The percentage of raw reads mapping to miRNAs, reads mapping to other RNAs and reads discarded (too long > 55 bp, too short < 15 bp and adapter dimer) were averaged for each RNA extraction and library preparation combination and compared between mNF, mQ, mCT, MNF and MQ (Fig. 2a). From the miRNeasy RNA, mNF had the highest percentage of reads mapping to miRNAs with an average of 18.9% and the lowest percentage of reads discarded at 11.4%. mCT had an average of 17.2% reads mapping to miRNAs and 31.4% of reads discarded. mQ had the lowest percentage of reads mapping to miRNAs with an average of 9.5% and the highest percentage of reads discarded at 50.6%. From the MagnaZol RNA, MNF had the highest percentage of reads mapping to miRNAs of all extraction/library combinations, with an average of 62.8% mapping and only 10.3% of reads discarded. MQ had an average of 50.3% reads mapping to miRNAs and 41.8% of reads discarded. MNF and MQ both detected a significantly higher proportion of miRNA reads compared to mQ (Fig. 2b). The higher percentage of reads mapping to miRNAs in libraries prepared from MagnaZol RNA suggests that miRNAs form a greater proportion of the RNAs present in these extractions that contribute to the libraries. CleanTag libraries had the lowest proportion of adapter dimers (0.4% of reads) and QIAseq libraries had the highest proportion (16% of mQ reads and 14% of MQ reads).

Fig. 2
figure 2

Read mapping. a Average proportion of reads mapping to miRNAs (red), other RNA species (blue) and discarded for being too long, short or adapter dimer (grey) in each RNA extraction/library preparation combination (n = 6). b Total reads were downsampled to 5 million and the number of reads mapping to miRNAs was determined for each RNA extraction and library preparation method (n = 6). Error bars show standard error of the mean, significance was determined using Friedman test and Dunn’s multiple comparison test. * p < 0.05 ***p < 0.001, where no p-value shown there was no significance. c Percentages of non-miRNA reads mapping to specific RNA types

Reads not mapping to human miRNAs were aligned to other small RNA databases to determine the distribution of the remaining reads. While some remained unannotated, most mapped to ribosomal RNA (rRNAs) and Y RNAs (Fig. 2c). Many more reads from NEXTflex libraries mapped to the Y RNAs, which are specifically blocked in the QIAseq protocol. To assess the presence of exogenous plant RNAs, potentially of dietary origin, sequences not matching human miRNAs were aligned with all mature plant miRNAs from miRBase.
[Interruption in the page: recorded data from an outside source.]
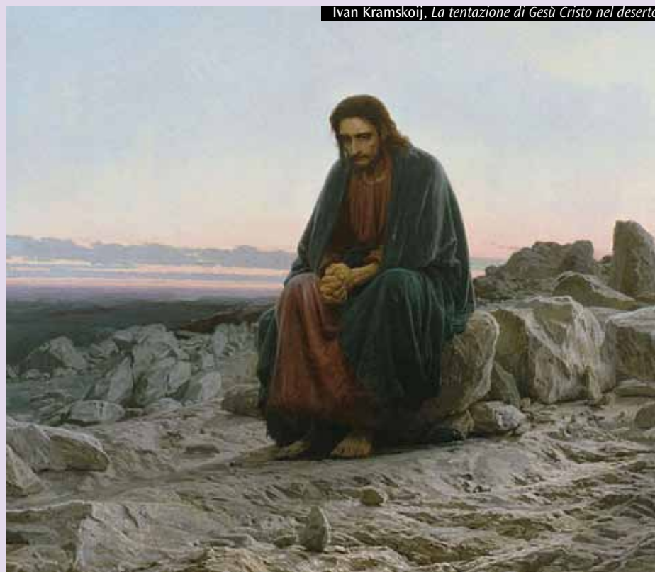
Ivan Kramskoj, La tentazione di Gesù Cristo nel deserto

È nel silenzio della preghiera che incontriamo più facilmente Dio, forse per questo è diventato difficile pregare.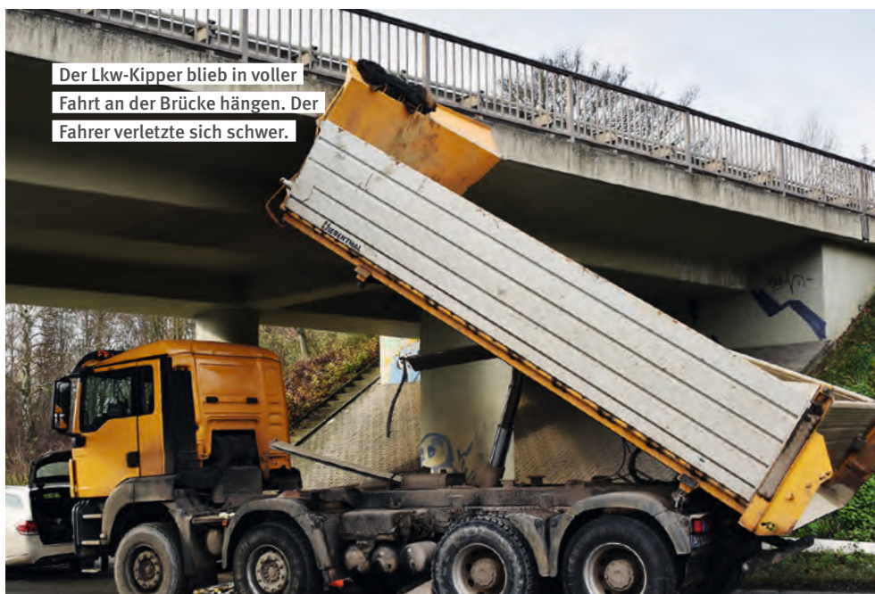
Der Lkw-Kipper blieb in voller Fahrt an der Brücke hängen. Der Fahrer verletzte sich schwer.

Leiter Kompetenzfeld Arbeitssicherheit bei der BG Verkehr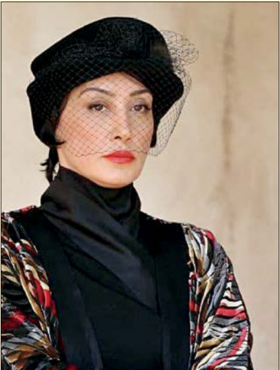
هیات داوران بازی‌هایه تهرانی در فیلم «بی‌همه چیز» را ندید

فیلم ما که هستیم؟ به کارگردانی و تهیه‌کنندگی ابوالحسن کیوان در سه جشنواره جهانی به عنوان بهترین فیلم شناخته شد. هنرآلاین خبر داد این فیلم به‌عنوان بهترین فیلم بین‌المللی جشنواره راکی ماتین در آمریکا بهترین فیلم درام جشنواره فیلم سیلک رود در فرانسه و بهترین تهیه‌کننده در پنجمین دور جشنواره سینمای اروپا یو یوروپین سینما تگرافی اوارز در آمستردام هلند سال ۲۰۲۰ انتخاب شد.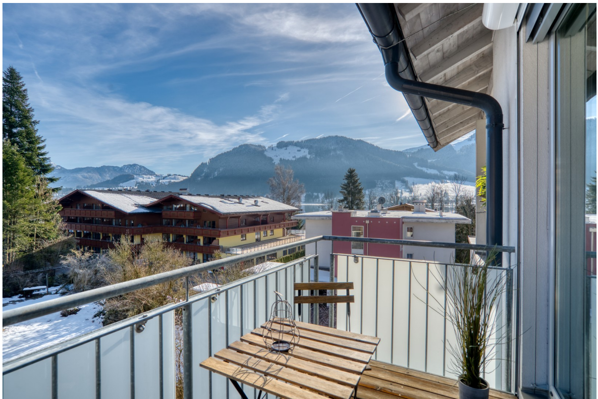
Der Ost-Balkon zum Frühstück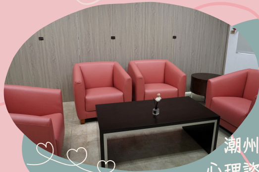
潮州區 心理諮商室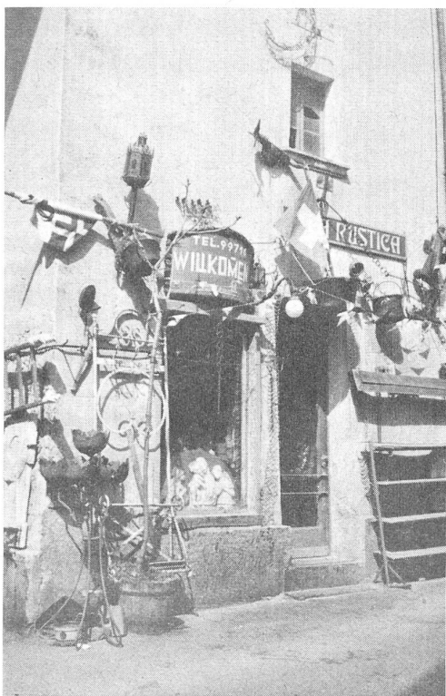
Perlomeno curiosa questa « Casa rustica » in un villaggio ticinese, la cui finestrella dal vetro rotto sembra ammiccare ai turisti.

inoltre ad innumerevoli assemblee di Casse Rurali. Egli è noto soprattutto anche quale redattore della pubblicazione dell'Unione Le Messenger Raiffeisen .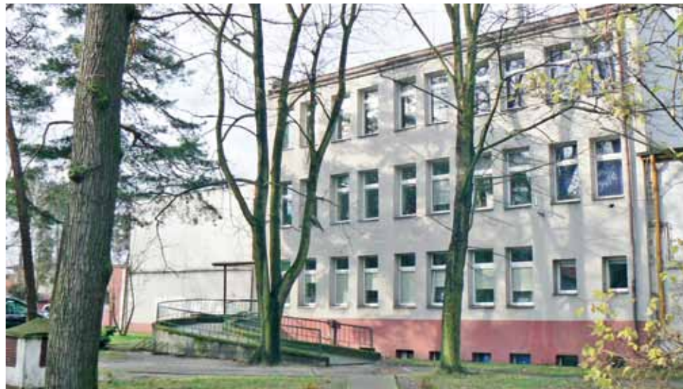
Centrum Zdrowia w Głownie. Tutaj przyszedł na świat pijany noworodek, urodzony przez 34-letnią mieszkankę pow. zgierskiego.

– Później, w wyniku zaistniałych okoliczności i pewnych faktów dotyczących mamy, my również musieliśmy wykonać pewne obowiązujące nas procedury u dziecka – mówiła nie wdając się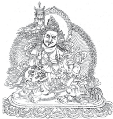
༥ རྒྱལ་ཚེན་རྣམ་མང་ཐོས་སྤྲུལ།

དབང་པས་ལྷ་གས་ཉ་ལྔ་བ་ ༦ ཚེས་ ༡༠ ལ་བྲིས་པའོ།། །།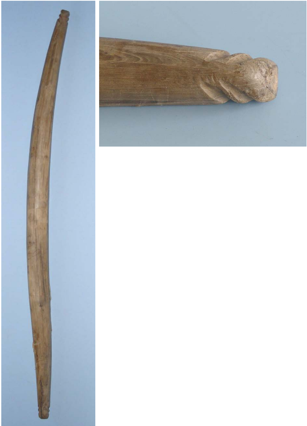
Afb. 5. Brielle, Nobelstraat 7-9-11. Houten juk (lengte 101,2 cm). Uit vuile laag tegen linker zijmuur van achterkamer Nobelstraat 9. Datering: 14 e eeuw (zie tekst).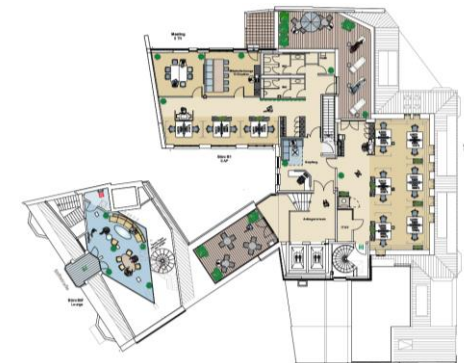
6. Obergeschoss | Musterplanung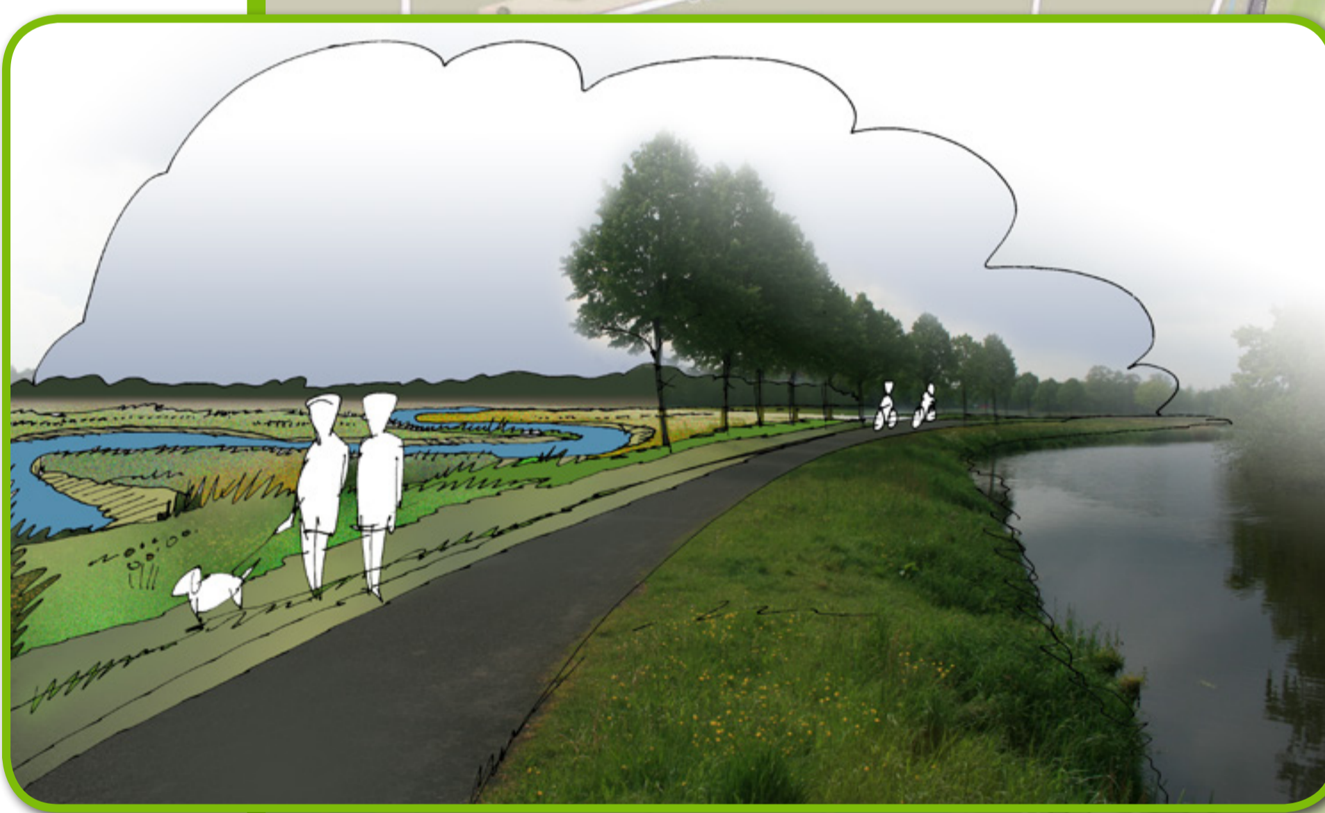
KOEKELBERG- EXTRA MEANDERS OP OOSTOEVER NAAST BESTAANDE LOOP IN KRUIDEN- EN FAUNARIJK GRASLAND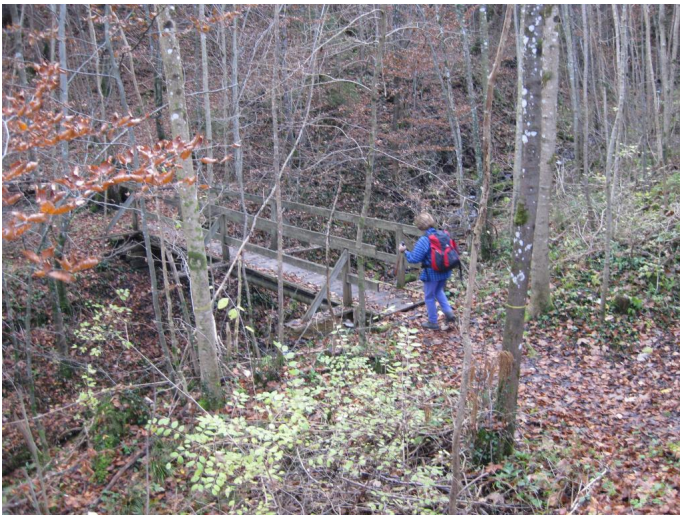
Über diese Brücke mußt du geh'n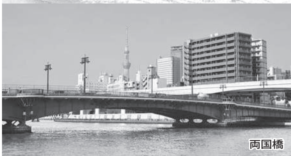
初めは「大橋」と名付けられていたが、1693(元禄6)年に新大橋の架橋で両国橋に改められた。明暦の大火で広小路と呼ばれる火除け地が設けられ、見世物小屋・水茶屋など江戸有数の盛り場となった。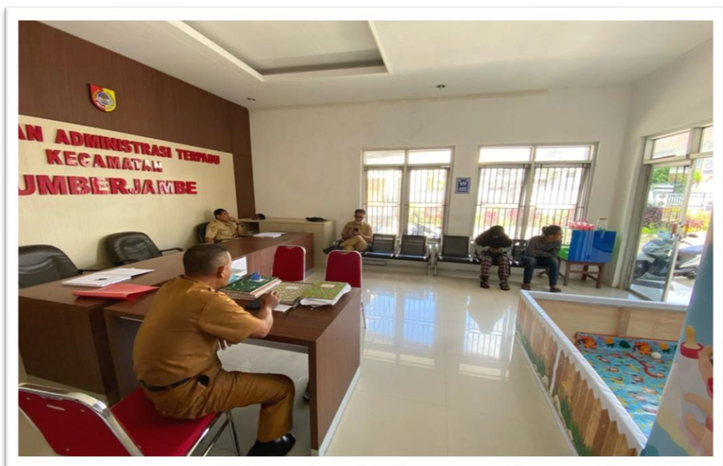
Ruangan Pelayanan Publik yang Nyaman Ber-AC dengan Spot Taman Bermain Anak dan Ruang Laktasi

Tujuan dari penyiapan ruangan Pelayanan Publik yang nyaman dengan sarana prasarana lengkap diharapkan masyarakat sambil menunggu penyelesaian dokumen yang dibutuhkan.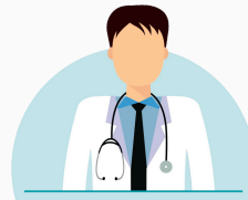
Health Administration and Community Health

Several sequences were identified (100% identity, > 17 nucleotides) and are listed in Additional file 2. Although many of these concur with previously reported plant miRNAs [28], their abundance did not demonstrate a consistent increase in individuals following a change to a high plant content diet (Additional file 3), suggesting that these are likely a result of contamination [17, 29]. No endogenous miRNAs demonstrated a consistent alteration in expression following the change to a high plant content diet.

Library diversity

Library diversity is indicative of bias, with over-representation of certain miRNAs resulting in lack of detection of other lowly expressed miRNAs. To compare the efficiency of each library prep kit at reducing bias, the number of individual miRNAs detected from each RNA extraction and library preparation combination was determined from an equal number of reads mapping to miRNAs. Reads mapping to miRNAs were extracted, downsampled to 550,000 reads and the number of miRNAs detected (with a minimum of 2 reads) in every sample for each RNA extraction and library preparation combination averaged (Fig. 3a). The highest number of individual miRNAs was detected in QIAseq libraries, with MQ detecting an average of 471 miRNAs and mQ detecting an average of 451 miRNAs. mNF detected an average of 385 miRNAs and MNF detected an average of 327 miRNAs. mCT detected the lowest number of miRNAs with an average of 260 miRNAs. Friedman and Dunn’s Multiple Comparison tests were applied and showed there were significant differences between the number of miRNAs detected between mQ and mCT, MQ and mCT and MQ and MNF (Fig. 3a).

Fig. 3
figure 3

miRNA diversity. a The number of different miRNAs detected (≥ 2 reads) from an equal number of reads mapped to miRNAs (550,000). Error bars show standard error of the mean (n = 6), significance determined by applying Friedman test and Dunn’s Multiple Comparison test. b Number of reads mapping to the 10 most highly expressed miRNAs in each RNA extraction/library preparation combination. c Read distribution of the 20 most highly represented miRNAs from each RNA extraction/library preparation combination. * p < 0.05 ***p < 0.001 where no p-value shown there was no significance

To further compare library diversity the reads for each miRNA, detected from a total of 550,000 reads mapping to miRNAs, were averaged for each RNA extraction and library preparation combination. A similar pattern of relative library diversity to that suggested by the total number of miRNAs detected was revealed by comparing the number of reads assigned to the top 10 miRNAs in each protocol (Fig. 3b). The highest number of reads (i.e. least diversity) was recorded for mCT with 524,747 reads, while MQ had the lowest number of reads at 391961.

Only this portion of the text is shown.